_Work order:_ Keep only the lines of the material below that contain the word "Women". Copy those lines.

Data for processing section start

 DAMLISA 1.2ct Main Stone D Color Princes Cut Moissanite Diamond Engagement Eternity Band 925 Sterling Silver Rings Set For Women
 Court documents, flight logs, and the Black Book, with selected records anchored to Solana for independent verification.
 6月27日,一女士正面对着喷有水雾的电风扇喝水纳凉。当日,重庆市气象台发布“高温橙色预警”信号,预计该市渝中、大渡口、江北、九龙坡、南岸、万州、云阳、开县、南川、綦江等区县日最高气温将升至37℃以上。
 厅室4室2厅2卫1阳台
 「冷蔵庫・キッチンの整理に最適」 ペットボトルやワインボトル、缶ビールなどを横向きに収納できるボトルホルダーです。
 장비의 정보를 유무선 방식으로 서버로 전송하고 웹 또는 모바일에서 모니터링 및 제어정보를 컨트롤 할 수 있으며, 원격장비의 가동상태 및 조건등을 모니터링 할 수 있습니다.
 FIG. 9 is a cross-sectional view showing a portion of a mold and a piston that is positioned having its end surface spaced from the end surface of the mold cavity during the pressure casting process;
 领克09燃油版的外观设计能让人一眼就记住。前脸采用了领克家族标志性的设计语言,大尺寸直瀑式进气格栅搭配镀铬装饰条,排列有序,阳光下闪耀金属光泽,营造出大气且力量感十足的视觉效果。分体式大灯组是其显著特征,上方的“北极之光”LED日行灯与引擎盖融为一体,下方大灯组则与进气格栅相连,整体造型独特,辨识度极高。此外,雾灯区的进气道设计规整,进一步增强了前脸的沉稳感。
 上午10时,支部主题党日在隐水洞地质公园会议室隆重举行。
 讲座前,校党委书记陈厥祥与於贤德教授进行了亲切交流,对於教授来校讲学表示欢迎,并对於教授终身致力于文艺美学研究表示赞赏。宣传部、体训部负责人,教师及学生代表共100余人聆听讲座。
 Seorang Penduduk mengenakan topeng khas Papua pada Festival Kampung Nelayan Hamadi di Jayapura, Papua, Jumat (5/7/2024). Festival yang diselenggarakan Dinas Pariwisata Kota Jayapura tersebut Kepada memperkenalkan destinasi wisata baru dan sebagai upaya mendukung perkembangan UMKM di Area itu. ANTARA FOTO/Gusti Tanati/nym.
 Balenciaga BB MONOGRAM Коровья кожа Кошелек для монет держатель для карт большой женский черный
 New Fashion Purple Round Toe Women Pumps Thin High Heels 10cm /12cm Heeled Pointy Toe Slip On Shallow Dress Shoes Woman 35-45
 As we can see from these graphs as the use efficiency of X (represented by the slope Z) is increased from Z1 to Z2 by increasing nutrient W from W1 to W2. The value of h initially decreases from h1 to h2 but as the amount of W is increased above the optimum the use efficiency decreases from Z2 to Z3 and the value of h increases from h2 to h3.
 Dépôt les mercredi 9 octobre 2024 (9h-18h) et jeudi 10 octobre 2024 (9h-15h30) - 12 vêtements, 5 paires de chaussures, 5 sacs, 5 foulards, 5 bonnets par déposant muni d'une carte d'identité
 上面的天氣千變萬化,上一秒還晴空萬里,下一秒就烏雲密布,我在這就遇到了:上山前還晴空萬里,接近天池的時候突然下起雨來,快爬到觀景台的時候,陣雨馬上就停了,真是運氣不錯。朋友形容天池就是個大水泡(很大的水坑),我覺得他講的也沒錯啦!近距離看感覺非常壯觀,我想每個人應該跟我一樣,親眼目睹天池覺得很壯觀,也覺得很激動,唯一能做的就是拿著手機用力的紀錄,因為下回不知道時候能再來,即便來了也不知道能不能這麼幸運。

Data for processing section end

_Written reply:_
 DAMLISA 1.2ct Main Stone D Color Princes Cut Moissanite Diamond Engagement Eternity Band 925 Sterling Silver Rings Set For Women
 New Fashion Purple Round Toe Women Pumps Thin High Heels 10cm /12cm Heeled Pointy Toe Slip On Shallow Dress Shoes Woman 35-45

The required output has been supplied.